Suddenly, he knew what he wanted. He wanted to get the hell out of there! Get away from the creek and out of there as quickly as he could.
The bloody light seemed to be stalking him.
Just as he got to his bike, the light seemed to dive down into the water beneath the bridge, and disappeared, as if it had emerged from there.
Will didn’t stop to investigate further. He jumped on his racing bike and sped, hell-for-bloody-leather away at full speed. He never looked back. Every nerve in his body tingled and he felt that he had escaped with the skin of his clattering teeth. Another second and he was a goner! From what? He had no idea.
Now it was fear that gave him the momentum. He sped the remaining seven kilometres faster than he had ridden in his life before. He was panting and gasping for air like a stranded perch as he pulled up at Honeysuckle Cottage. He knew that his face was white as a bleeding ghost. He waited to get his breath back and regain colour before going inside.

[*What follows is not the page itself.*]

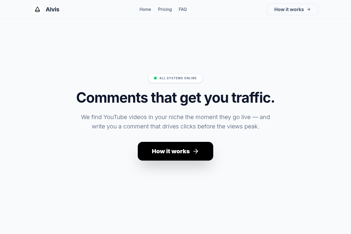 Get alvis is a specialized tool focused on catching traffic by monitoring social media and YouTube threads in real-time. It alerts you to high-impact discussions as they start trending, allowing you to be an early participant in relevant conversations. By providing strategic comment templates tailored to your brand, it helps you engage quickly and authentically before views peak. It is a streamlined, outcome-based solution for those specifically looking to drive clicks through timely interaction.

It was something that he would carry with him forever, buried deep within, something that he would not share with a living soul. For fear of being thought mad. Or worse: a gutless, fear-craven sheila.
The female narrator in The Joyce Girl by Annabel Abbs, comes across as a real person in the thrall of personality conflicts. The author has researched in depth the histories of the main characters in recounting Lucia Joyce’s tragic story in the first person. The first person voice is clear, vibrant, youthful and naiive. It suggests, from the outset, the inevitable tragedy to come. The novel begins with Lucia on her way to visit the psychiatrist, Carl Jung, and there is “a shiver in the air and a thin odour of decay drifting across the lake.” From there on the narrator is looking back, showing the highs and lows of her own position within her famous family, and the reasons for her psychological decline. Annabel Abbs manages to capture the Irish voice of the young troubled woman with great success in this first novel.
Finding a voice in fiction, is not only about finding your own voice, but about creating characters who speak to the reader in voices that are authentic and appropriate.